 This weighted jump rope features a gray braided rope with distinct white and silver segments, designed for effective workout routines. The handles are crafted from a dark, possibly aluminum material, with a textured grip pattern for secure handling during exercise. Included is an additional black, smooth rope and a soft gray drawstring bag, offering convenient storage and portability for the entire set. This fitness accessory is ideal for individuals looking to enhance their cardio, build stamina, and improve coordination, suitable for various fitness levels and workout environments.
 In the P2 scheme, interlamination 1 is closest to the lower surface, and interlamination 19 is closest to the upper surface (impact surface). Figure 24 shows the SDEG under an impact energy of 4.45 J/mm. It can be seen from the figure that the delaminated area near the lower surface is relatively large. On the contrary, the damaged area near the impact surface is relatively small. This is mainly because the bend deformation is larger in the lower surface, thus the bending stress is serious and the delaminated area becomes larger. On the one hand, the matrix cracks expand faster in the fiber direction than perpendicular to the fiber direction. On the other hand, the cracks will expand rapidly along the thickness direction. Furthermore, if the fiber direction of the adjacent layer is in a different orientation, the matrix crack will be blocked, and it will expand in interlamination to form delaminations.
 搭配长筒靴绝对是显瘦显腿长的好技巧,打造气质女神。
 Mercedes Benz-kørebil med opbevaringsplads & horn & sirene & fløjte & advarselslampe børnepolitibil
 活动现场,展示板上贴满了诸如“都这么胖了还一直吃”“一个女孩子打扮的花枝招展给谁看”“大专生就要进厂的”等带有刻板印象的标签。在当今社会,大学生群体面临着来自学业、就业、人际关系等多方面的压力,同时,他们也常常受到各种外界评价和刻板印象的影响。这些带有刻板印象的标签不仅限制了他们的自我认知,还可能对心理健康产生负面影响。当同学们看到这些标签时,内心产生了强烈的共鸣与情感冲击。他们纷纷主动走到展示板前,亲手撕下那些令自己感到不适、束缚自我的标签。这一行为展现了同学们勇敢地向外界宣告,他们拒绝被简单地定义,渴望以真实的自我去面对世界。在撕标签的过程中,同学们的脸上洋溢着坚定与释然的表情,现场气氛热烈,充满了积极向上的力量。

---

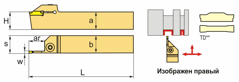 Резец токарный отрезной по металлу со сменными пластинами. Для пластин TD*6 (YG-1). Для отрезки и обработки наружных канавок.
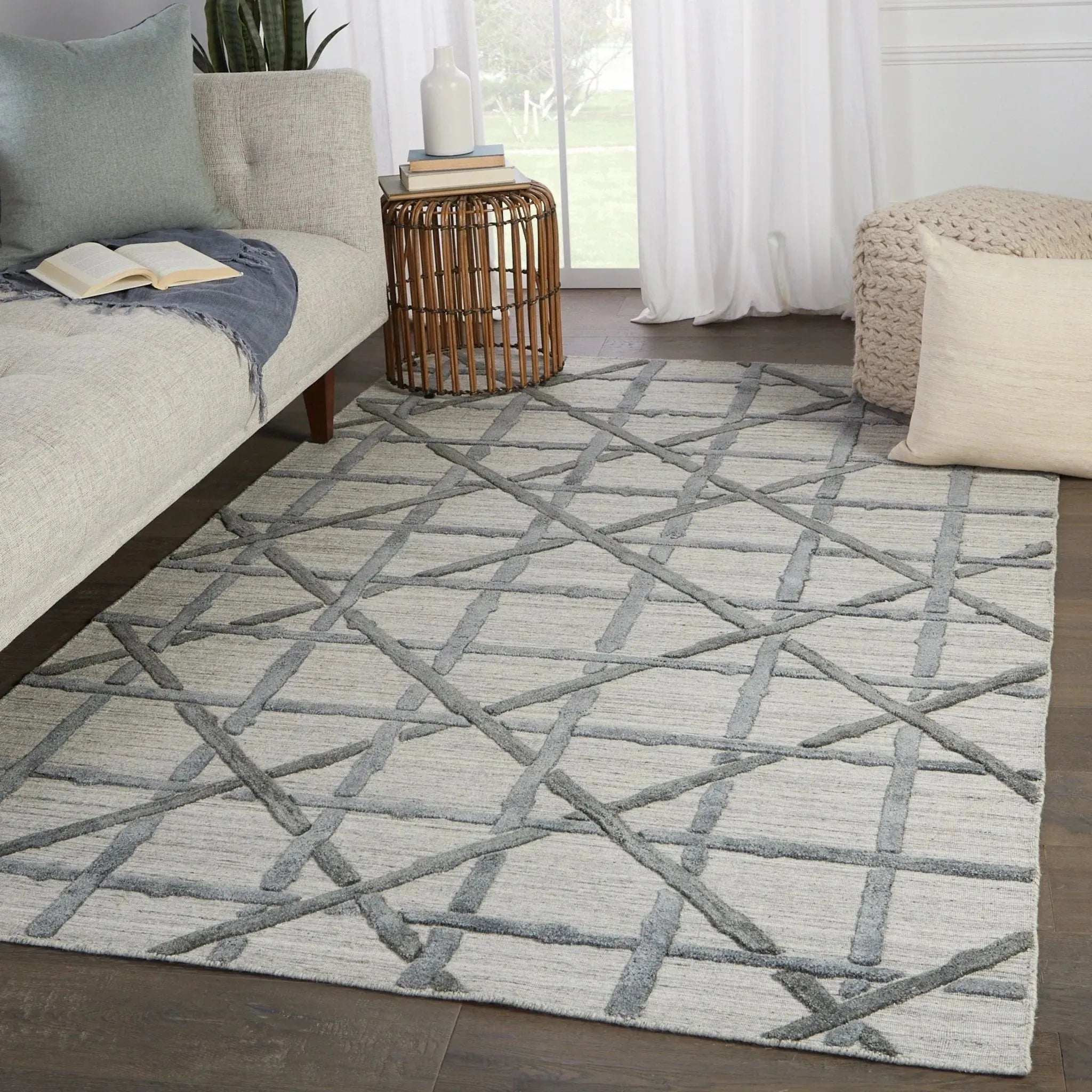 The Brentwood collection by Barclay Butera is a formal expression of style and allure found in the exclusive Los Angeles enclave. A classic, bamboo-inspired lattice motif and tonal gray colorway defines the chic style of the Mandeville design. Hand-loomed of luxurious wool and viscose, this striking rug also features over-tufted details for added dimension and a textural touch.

==

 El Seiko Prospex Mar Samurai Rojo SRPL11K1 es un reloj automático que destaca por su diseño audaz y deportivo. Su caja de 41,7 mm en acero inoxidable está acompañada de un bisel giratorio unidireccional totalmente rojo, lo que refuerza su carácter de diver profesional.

__Description of the task__.
Here the job is to set down exactly the lines of the material above that fall between the one with "This weighted jump" and the one with "搭配长筒靴绝对是显瘦显腿长的好技巧,打造气质女神。", inclusive, and nothing beyond them.

__Result for this task__.
 This weighted jump rope features a gray braided rope with distinct white and silver segments, designed for effective workout routines. The handles are crafted from a dark, possibly aluminum material, with a textured grip pattern for secure handling during exercise. Included is an additional black, smooth rope and a soft gray drawstring bag, offering convenient storage and portability for the entire set. This fitness accessory is ideal for individuals looking to enhance their cardio, build stamina, and improve coordination, suitable for various fitness levels and workout environments.
 In the P2 scheme, interlamination 1 is closest to the lower surface, and interlamination 19 is closest to the upper surface (impact surface). Figure 24 shows the SDEG under an impact energy of 4.45 J/mm. It can be seen from the figure that the delaminated area near the lower surface is relatively large. On the contrary, the damaged area near the impact surface is relatively small. This is mainly because the bend deformation is larger in the lower surface, thus the bending stress is serious and the delaminated area becomes larger. On the one hand, the matrix cracks expand faster in the fiber direction than perpendicular to the fiber direction. On the other hand, the cracks will expand rapidly along the thickness direction. Furthermore, if the fiber direction of the adjacent layer is in a different orientation, the matrix crack will be blocked, and it will expand in interlamination to form delaminations.
 搭配长筒靴绝对是显瘦显腿长的好技巧,打造气质女神。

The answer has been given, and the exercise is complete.